B) Les autres arguments sont pragmatiques et concernent 1) la difficulté d’obtention d’informations
annuelles fiables en matière de production de services domestiques, 2) la difficulté de la
valorisation monétaire de ces services (« imputation » délicate), et, 3) l’utilité supposée réduite de
tels comptes « pour l’analyse et la politique économique courante ». Tout cela est très contestable.
Le premier argument signifie simplement que l’on décide de ne pas financer la production régulière
des données requises, et le second qu’on ne juge pas utile de produire des conventions de mesure
pourtant semblables à celles que l’on retient pour les tâches « masculines » !
Quant au troisième argument, il veut bien dire que « la politique économique courante » ne
s’intéresse qu’aux activités dites « socialement organisées », en fait aux activités marchandes et
monétaires. Comme si la production de services domestiques ne relevait pas d’une certaine forme
de production organisée de bien-être, dont l’importance dépend des politiques familiales et de garde
d’enfants, des politiques fiscales, des politiques d’égalité professionnelle des hommes et des
femmes, etc.
Quel que soit l’argument invoqué, c’est parce que ces activités sont socialement dévalorisées en
raison de leur caractère « féminin » qu’elles ne sont pas valorisées monétairement dans le PIB, alors
que les activités « masculines » de production domestique de biens le sont.

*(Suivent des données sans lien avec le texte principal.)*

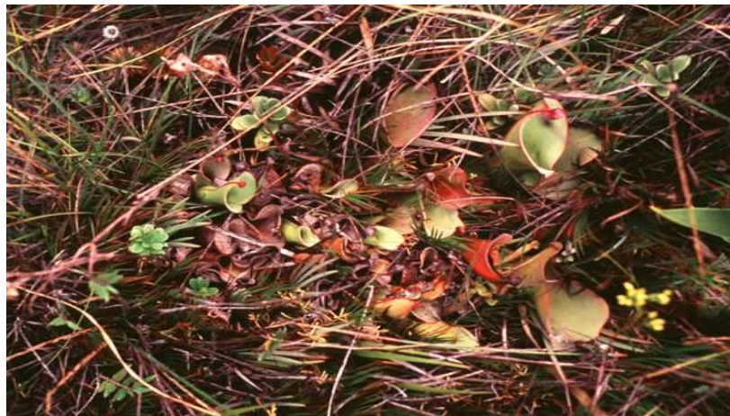
Figure 1 - Heliamphora nutans within a dense vegetation of non carnivorous plants.

Concerning air temperature and solar radiation, no significant differences between the conditions within the Heliamphora population and 2 m above was found. Air humidity, however, was more than two times higher next to the Heliamphora plants. The humidity decreased abruptly about 1.7 m above the ground. Interestingly, this was also the maximum height of Bonnetia trees at the test site. The wind speed could not be measured continuously, but was always very low and almost zero within the Heliamphora population.

Je ne veux pas dire qu’il faudrait que le PIB (ou un PIB bis) compte toutes les activités non
marchandes, c’est une autre question sur laquelle je reviendrai (voir ce qu’en dit Annie Fouquet
dans « Masculin-Féminin », PUF, 2001). Mais j’affirme qu’en matière de travail domestique, s’il
intègre une partie des travaux principalement masculins et pas du tout les travaux massivement
féminins, c’est une pure discrimination maquillée. La seule explication se trouve dans des
représentations sexuées de l’économie et de ce qui compte vraiment (pour les hommes qui la
dirigent). Le PIB (et donc la croissance) est un truc de mecs.